_EXERCISE:_ In this exercise, copy exactly the lines from the one that contains "Santa Claus de" through the end of the entries below; pictures are not copied.

_AVAILABLE DATA:_
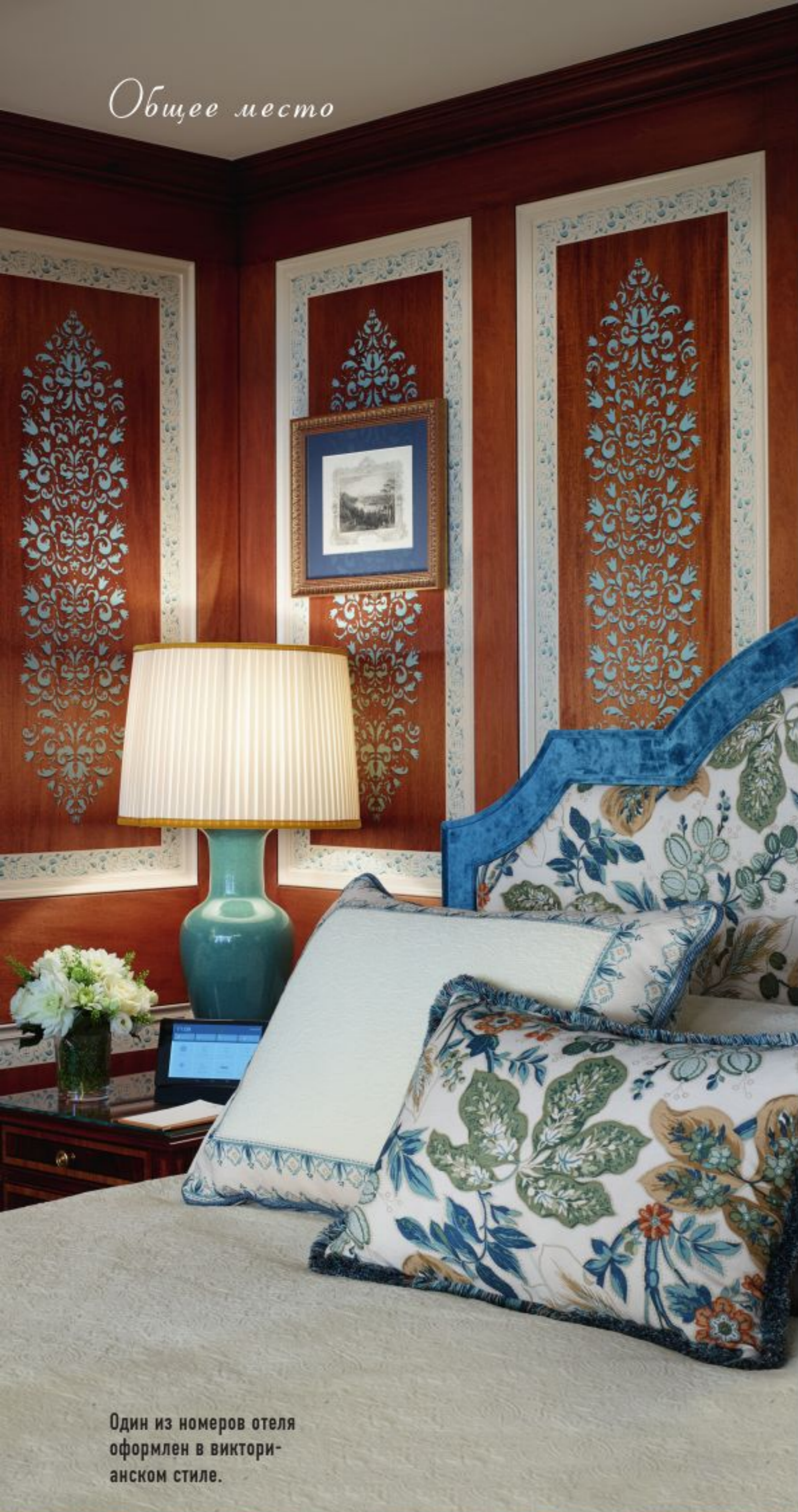
Один из номеров отеля оформлен в викторианском стиле.
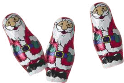
Santa Claus de chocolate (5g - 195unid x bolsa aprox.) REF- CH001 PV: 0,13€/unidad Bolsa: 25,35€
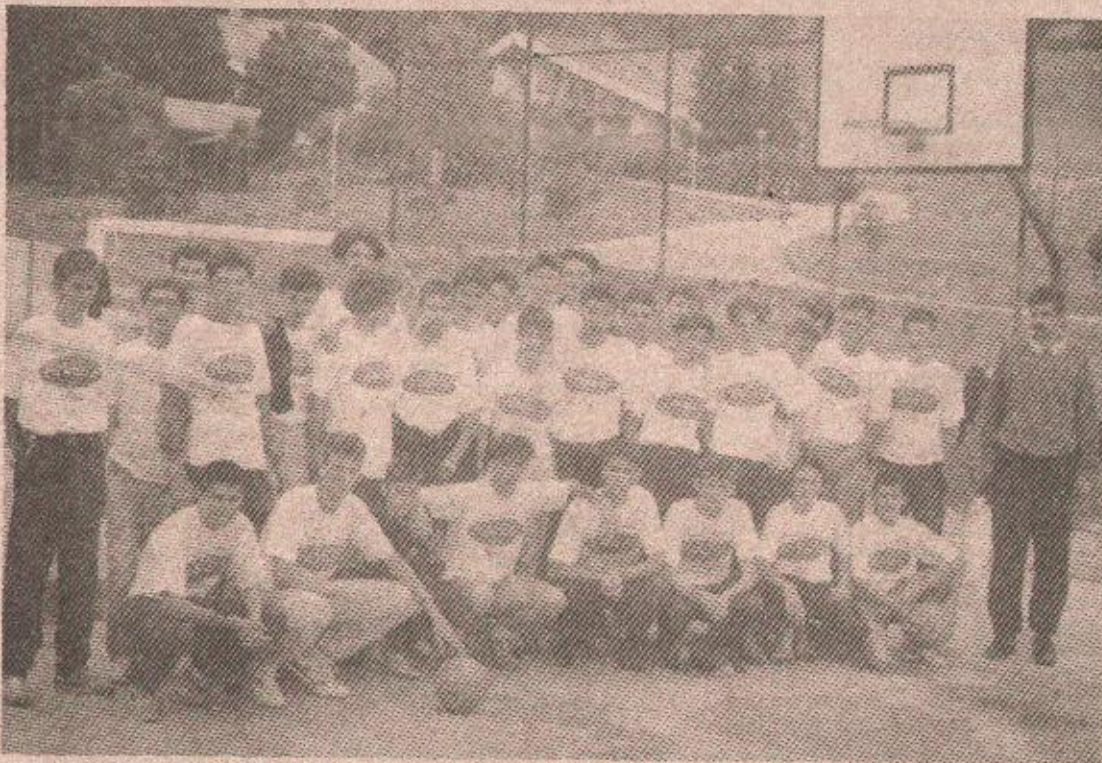
НАПРЕДУЈУ: Попазници кошаркашког кампа 1993. године на Балкани

— Као тренер, могу слободно рећи да је рапидан напредак играча, посебно актера
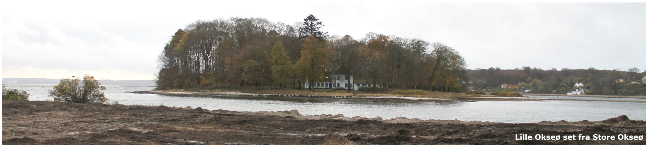
Lille Okseø set fra Store Okseø

_WORKED SOLUTION:_
Santa Claus de chocolate (5g - 195unid x bolsa aprox.) REF- CH001 PV: 0,13€/unidad Bolsa: 25,35€
НАПРЕДУЈУ: Попазници кошаркашког кампа 1993. године на Балкани

— Као тренер, могу слободно рећи да је рапидан напредак играча, посебно актера
Lille Okseø set fra Store Okseø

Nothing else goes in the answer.